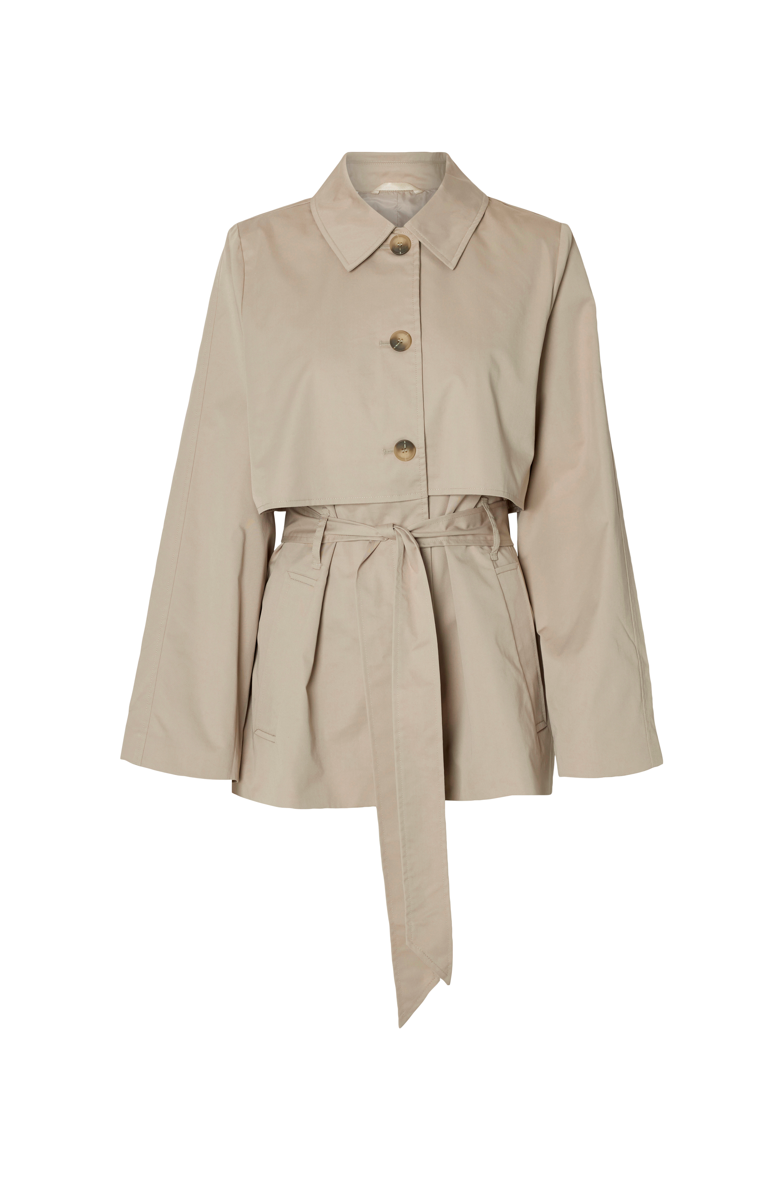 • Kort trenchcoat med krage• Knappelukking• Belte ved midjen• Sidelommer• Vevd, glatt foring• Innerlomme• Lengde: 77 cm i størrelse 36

---

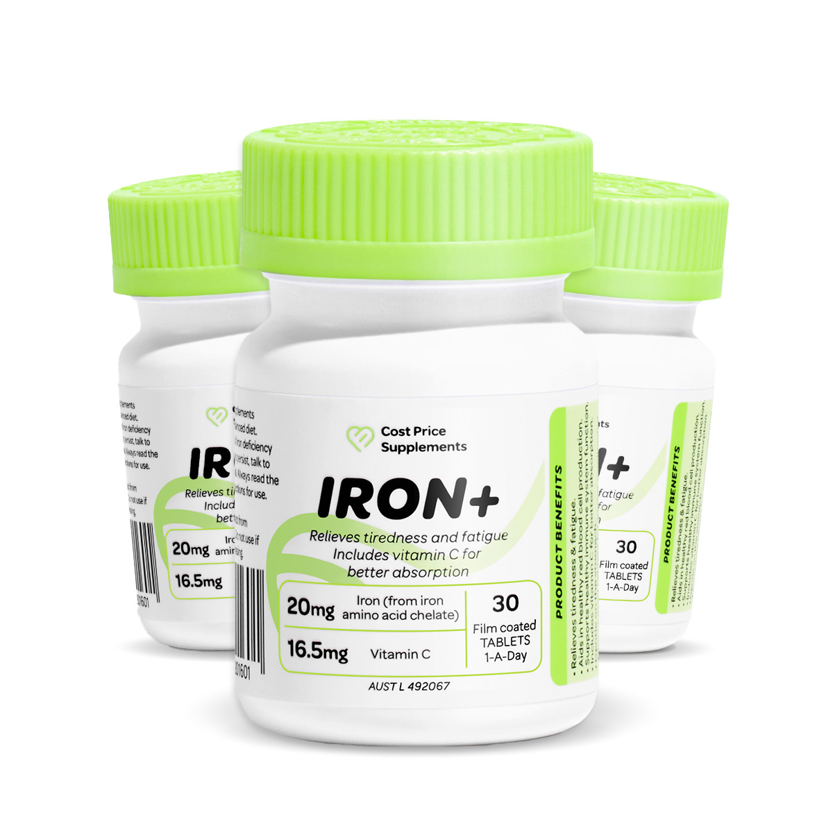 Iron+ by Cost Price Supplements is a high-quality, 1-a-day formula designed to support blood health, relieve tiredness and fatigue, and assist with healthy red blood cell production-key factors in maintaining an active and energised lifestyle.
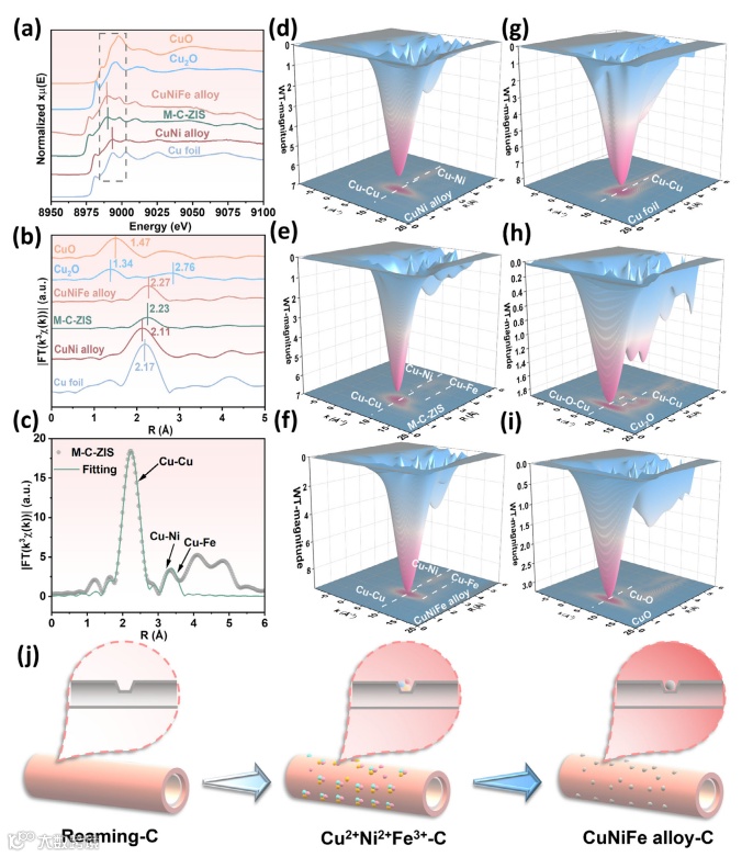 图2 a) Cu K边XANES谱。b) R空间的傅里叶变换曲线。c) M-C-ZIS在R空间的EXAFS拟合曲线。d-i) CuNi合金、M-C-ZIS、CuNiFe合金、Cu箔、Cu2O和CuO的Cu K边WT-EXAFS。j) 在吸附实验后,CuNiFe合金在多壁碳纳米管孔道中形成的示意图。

_TRY IT_
Print, exactly, each line above from the one with "Iron+ by Cost" to the one with "图2 a) Cu K边XANES谱。b)", end lines included. Leave pictures out of it.

_SOLUTION TO THE PROBLEM_
 Iron+ by Cost Price Supplements is a high-quality, 1-a-day formula designed to support blood health, relieve tiredness and fatigue, and assist with healthy red blood cell production-key factors in maintaining an active and energised lifestyle.
 图2 a) Cu K边XANES谱。b) R空间的傅里叶变换曲线。c) M-C-ZIS在R空间的EXAFS拟合曲线。d-i) CuNi合金、M-C-ZIS、CuNiFe合金、Cu箔、Cu2O和CuO的Cu K边WT-EXAFS。j) 在吸附实验后,CuNiFe合金在多壁碳纳米管孔道中形成的示意图。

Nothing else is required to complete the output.